══ SOURCE INFORMATION

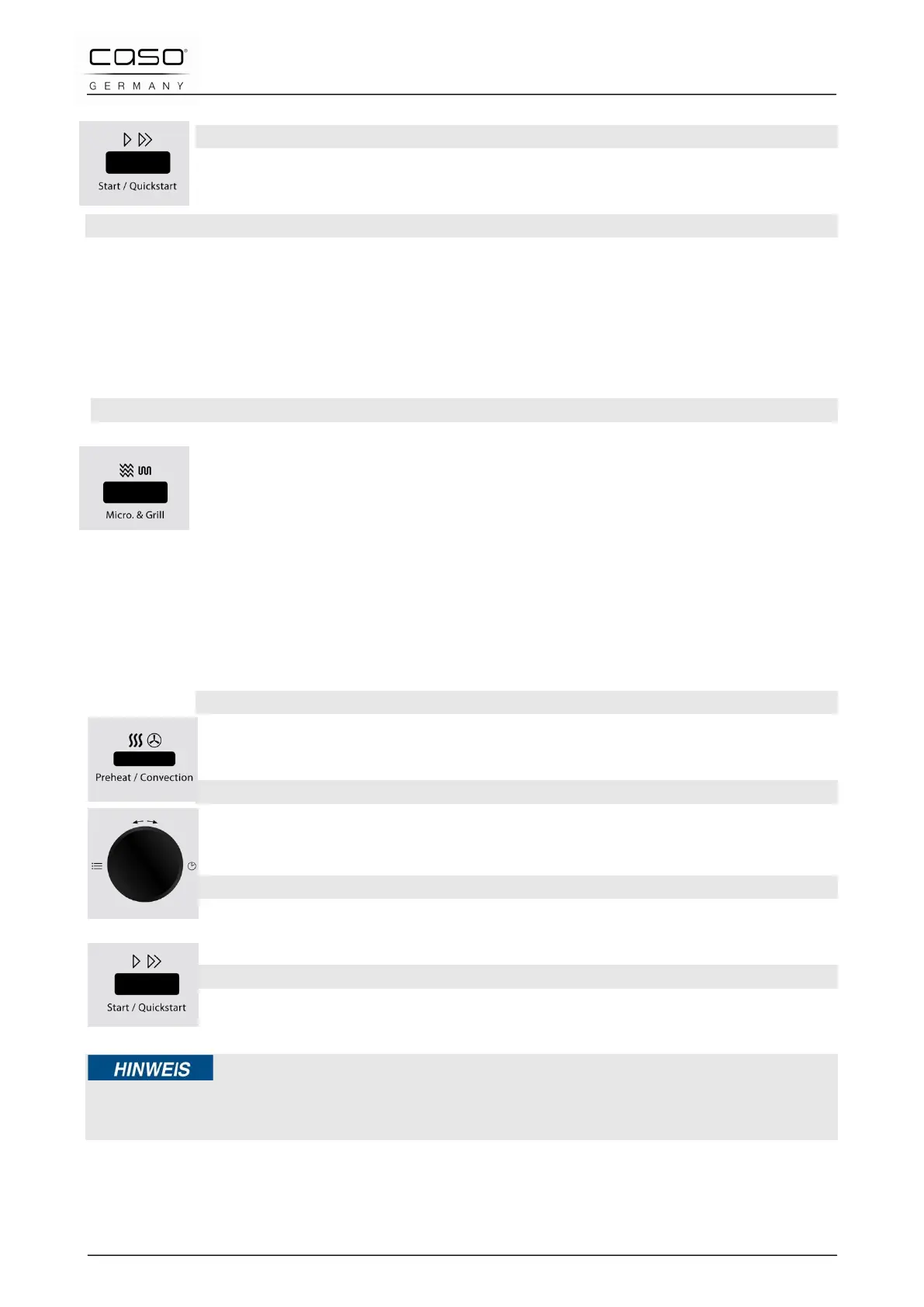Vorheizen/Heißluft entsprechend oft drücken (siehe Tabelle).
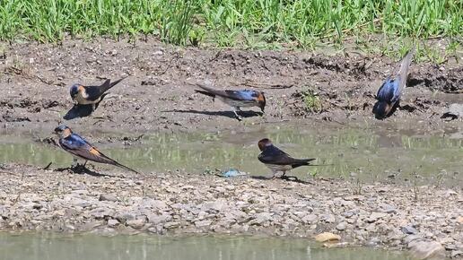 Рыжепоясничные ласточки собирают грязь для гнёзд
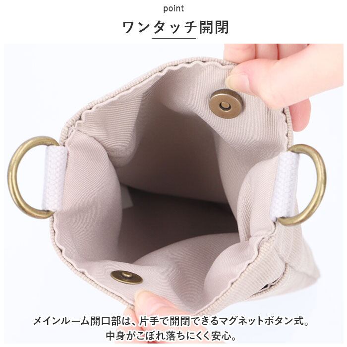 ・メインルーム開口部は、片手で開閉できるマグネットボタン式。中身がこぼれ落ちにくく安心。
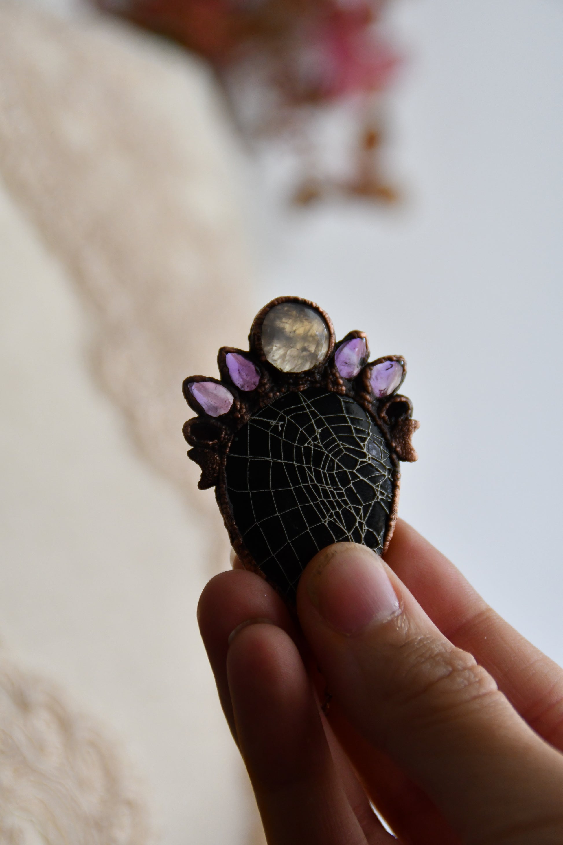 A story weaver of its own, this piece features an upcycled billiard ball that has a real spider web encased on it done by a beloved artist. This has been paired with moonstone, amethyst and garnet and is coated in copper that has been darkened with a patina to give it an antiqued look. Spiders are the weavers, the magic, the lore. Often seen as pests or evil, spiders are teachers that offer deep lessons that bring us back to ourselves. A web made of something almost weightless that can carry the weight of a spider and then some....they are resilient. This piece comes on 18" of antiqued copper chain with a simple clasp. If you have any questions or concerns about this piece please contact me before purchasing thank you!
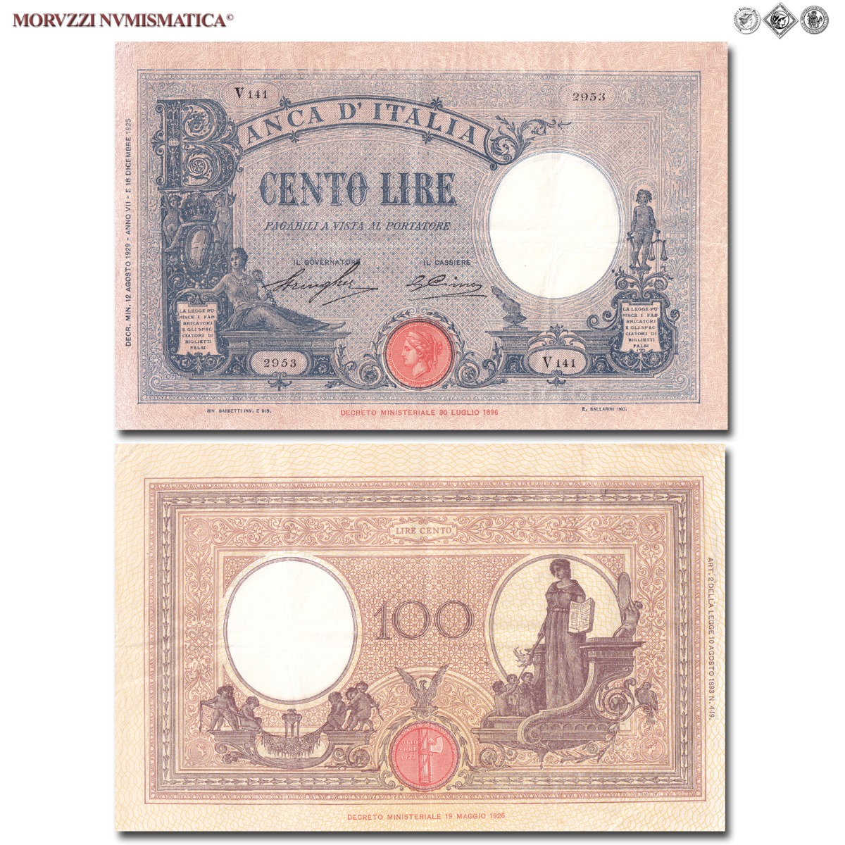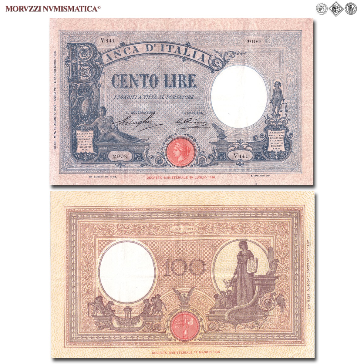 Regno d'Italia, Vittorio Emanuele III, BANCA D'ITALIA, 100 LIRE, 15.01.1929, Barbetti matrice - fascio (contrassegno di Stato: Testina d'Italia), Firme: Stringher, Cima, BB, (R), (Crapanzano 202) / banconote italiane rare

════

#### TASK
Leave the pictures out, and transcribe each of the records exactly.

#### WRITTEN RESPONSE
Vorheizen/Heißluft entsprechend oft drücken (siehe Tabelle).
 Рыжепоясничные ласточки собирают грязь для гнёзд
 ・メインルーム開口部は、片手で開閉できるマグネットボタン式。中身がこぼれ落ちにくく安心。
 A story weaver of its own, this piece features an upcycled billiard ball that has a real spider web encased on it done by a beloved artist. This has been paired with moonstone, amethyst and garnet and is coated in copper that has been darkened with a patina to give it an antiqued look. Spiders are the weavers, the magic, the lore. Often seen as pests or evil, spiders are teachers that offer deep lessons that bring us back to ourselves. A web made of something almost weightless that can carry the weight of a spider and then some....they are resilient. This piece comes on 18" of antiqued copper chain with a simple clasp. If you have any questions or concerns about this piece please contact me before purchasing thank you!
 Regno d'Italia, Vittorio Emanuele III, BANCA D'ITALIA, 100 LIRE, 15.01.1929, Barbetti matrice - fascio (contrassegno di Stato: Testina d'Italia), Firme: Stringher, Cima, BB, (R), (Crapanzano 202) / banconote italiane rare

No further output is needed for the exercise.